To evaluate the robustness and accuracy of the trained algorithms, various graphical subplots are applied in the current research work. Initially, crossplots for suggested predictive models are created, as depicted in Figure 14. In the random forest model, the grouping of points of data near unit-slope line shows a strong indication of precision. Additionally, equations resulted due to fitted lines on the aforementioned datapoints closely approximate the bisector line. Figure 15 shows spreading of relative deviation based upon all models. A tighter grouping of data points along the y = 0 line indicates improved accuracy of the estimator. According to this graph, the random forest machine learning approach stands out as the most efficient predictive method for estimating the CRI. The visual analysis of these plots contributes to a comprehensive assessment of the models’ performance and supports the selection of the random forest model as the preferred choice for accurate predictions.

Figure 14.

Crossplots of real versus modeled datapoints based upon train and test segments for all the constructed predictive models.

Figure 15.

Crossplots of relative error percent versus real points based upon train and test segments for all the constructed predictive models.

The findings of this study have significant practical implications for the metallurgical industry, particularly in optimizing coke quality for blast furnace operations.
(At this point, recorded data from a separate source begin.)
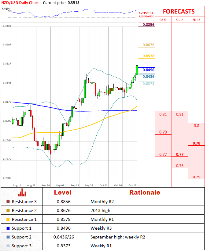 货币对似乎获得势头,在从0.830反弹之后。目前它目标在月第一阻力位。提升在它上方可能放入2013年高点。我们不期望货币对将轻易地突破它。我们应该看到一些停止的种类。万一在任何这些水平上失败了,我们应该搜索9月高点在0.8436。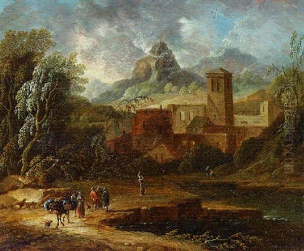 An Italianate Landscape With Travellers And A Packmule On The River Bank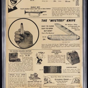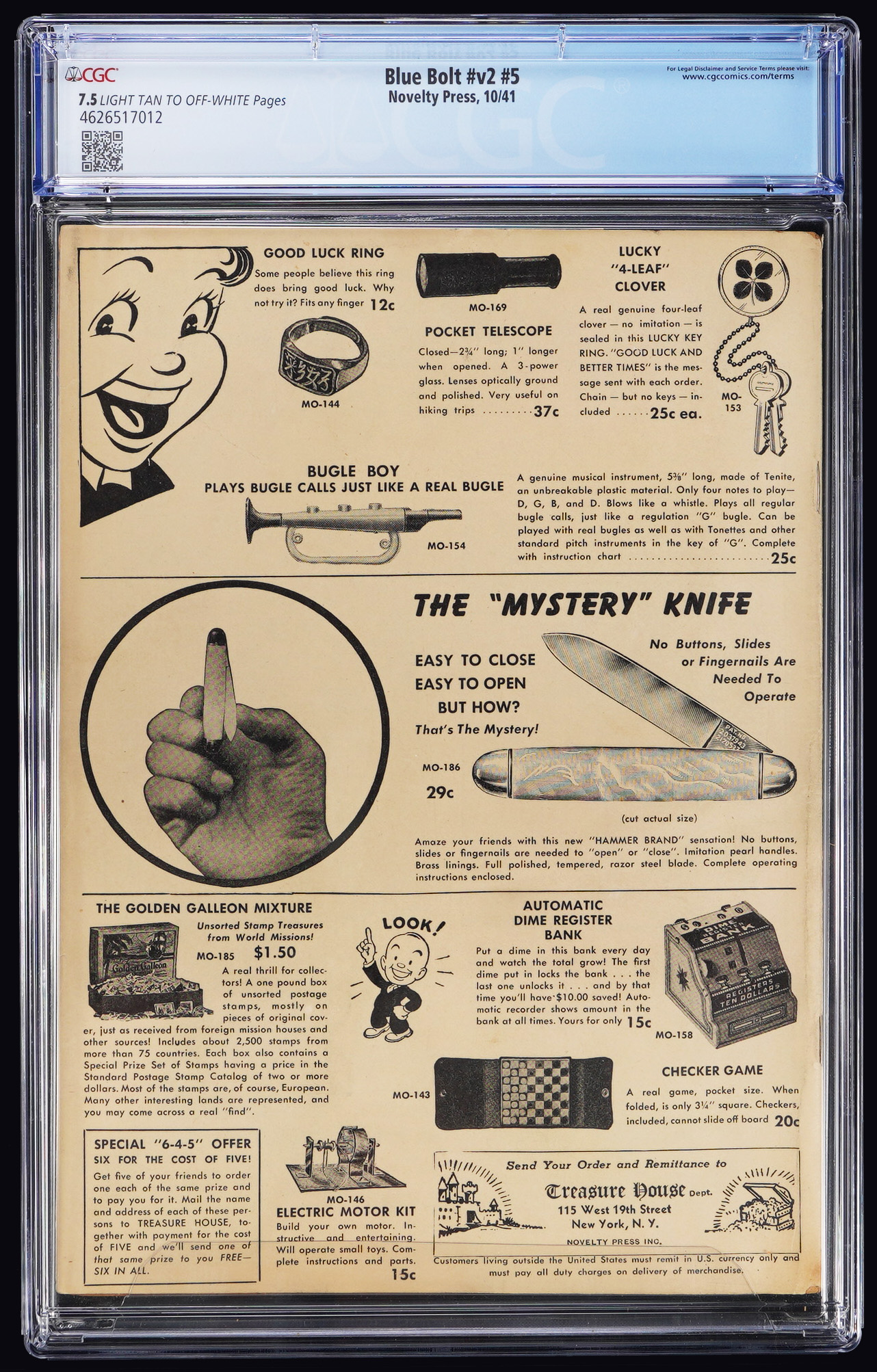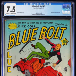 Quality, age and scarcity recommend this 10/41 Novelty Press Blue Bolt Vol.2, #5 issue. So far, CGC has graded just five examples of this early Golden Age comic book. This one has scored a favorable grade of 7.5, Light Tan to Off-White Pages, from top certification service CGC. Besides Blue Bolt and a host of other characters, this anthology title featured the scientifically developed hero Dick Cole, who is seen on the cover wearing his Farr Military Academy sweater, as he is ejected from his car during a bridge explosion set off by Simba Karno. Label notes are "Paul Gustavson art. 1st appearance of Freezum.".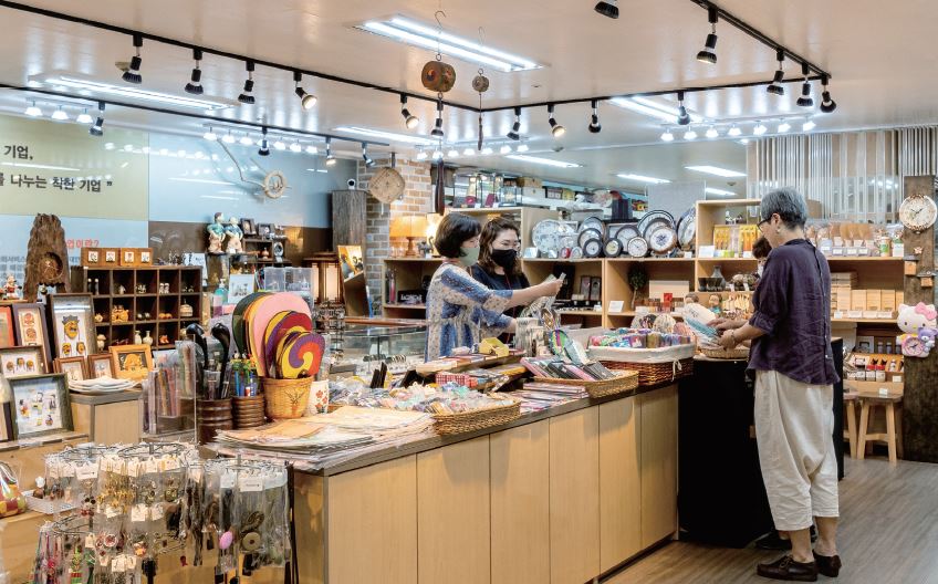 제품은 전통 공예품, 천연 면제품(생리대, 마스크, 에코백), 시계, 원목, 스툴, 테이블, 노인과 장애인용 교구, 자개, 누룽지와 스낵, 천연소금과 쌀, 도서류, 친환경 네일 틴트까지 다양하다. 대부분 생활소품들로 가성비로 따지면 최고다.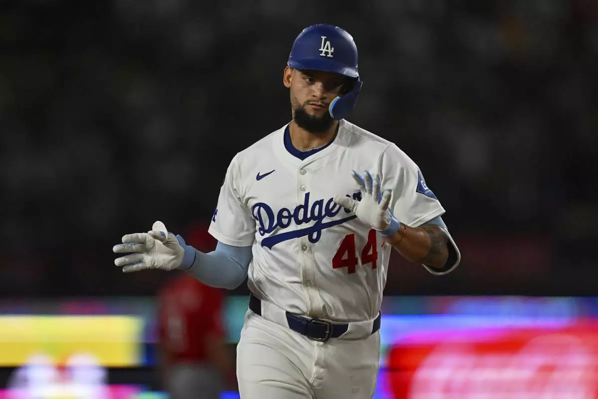 Los Angeles Dodgers' Andy Pages celebrates after hitting a home run during the third inning of a baseball game against the Cincinnati Reds Monday, Aug. 25, 2025, in Los Angeles. (AP Photo/Jayne Kamin-Oncea)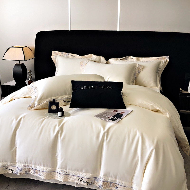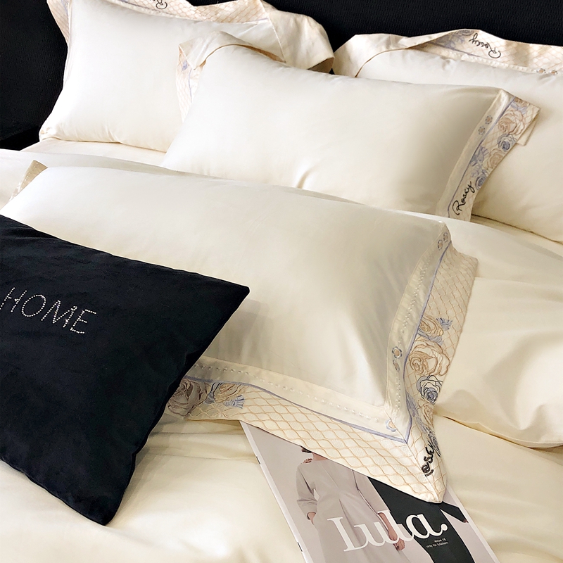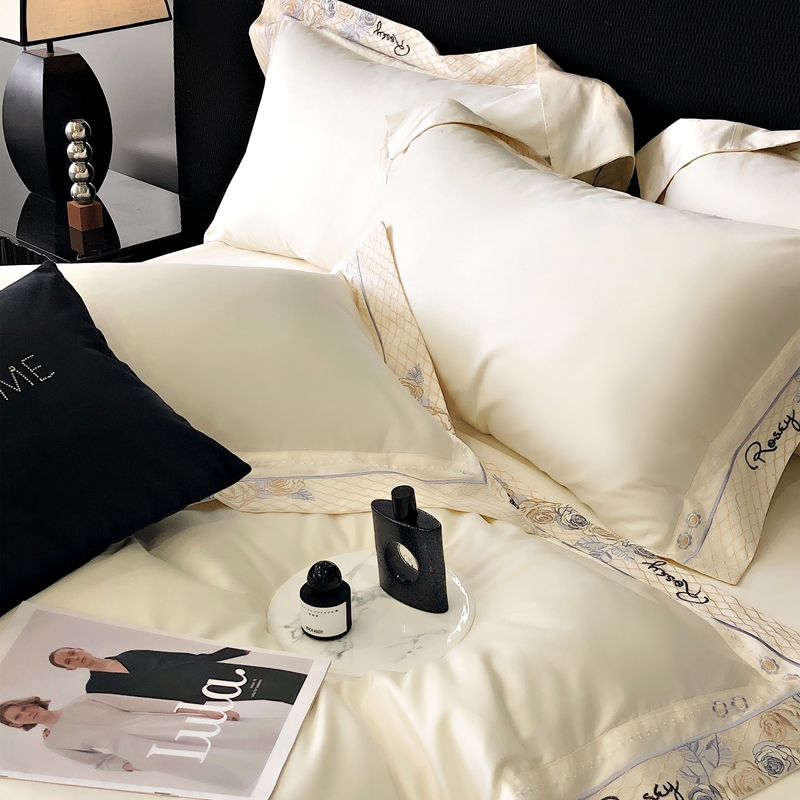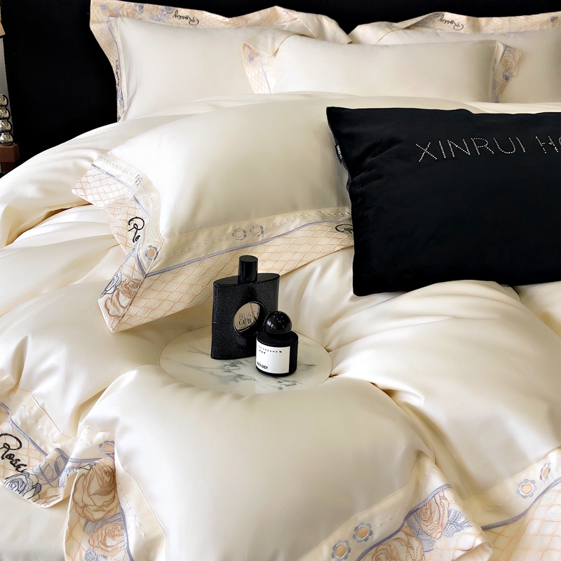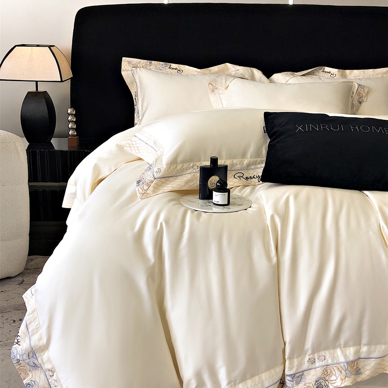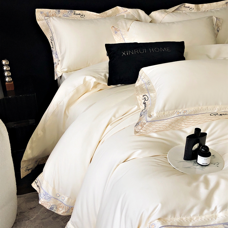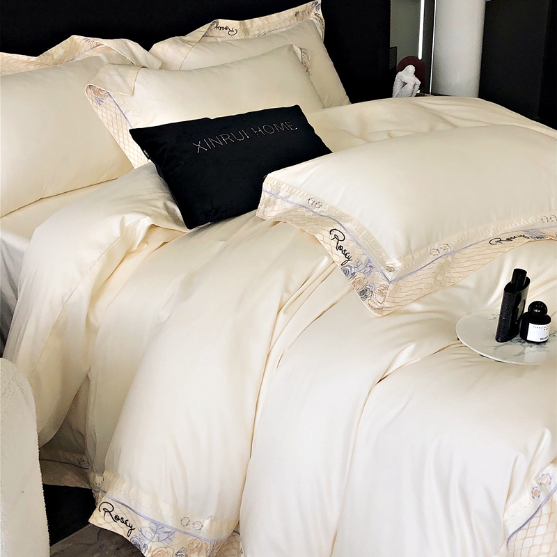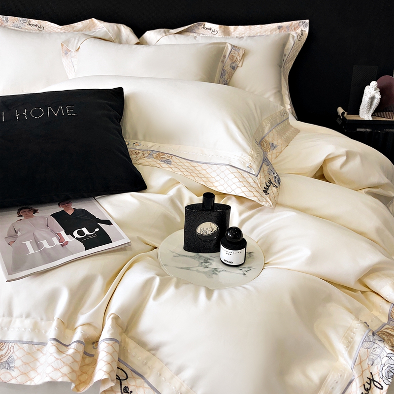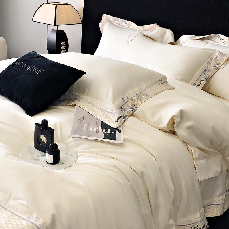馨蕊家居 2024新款100支进口长绒棉全棉四件套-欧若拉 欧若拉-月光白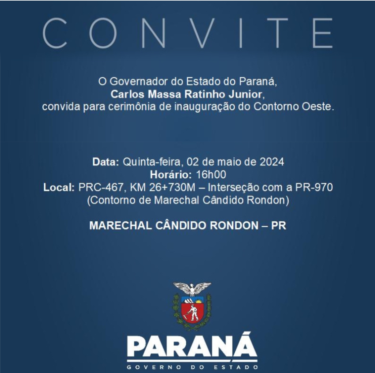 O governador Ratinho Junior estará na região nesta quinta-feira e, conforme sua assessoria, em Marechal Cândido Rondon , às 16 horas, vai inaugurar o novo Contorno Oeste, recentemente concluído e liberado para o tráfego de veículos.

By reliably predicting the CRI, plant operators can fine-tune the selection and blending of raw materials to achieve the desired reactivity levels. This approach minimizes the reliance on costly experimental procedures and reduces waste, contributing to cost-effective and sustainable production processes. Furthermore, understanding the relationship between key parameters such as maximum fluidity, MMR, and basicity index with CRI offers actionable insights for improving coke formulation strategies, ensuring consistent performance across different batches. For example, targeting specific ranges of maximum fluidity and controlling ash content can enable a more efficient adjustment of coke reactivity to meet operational requirements.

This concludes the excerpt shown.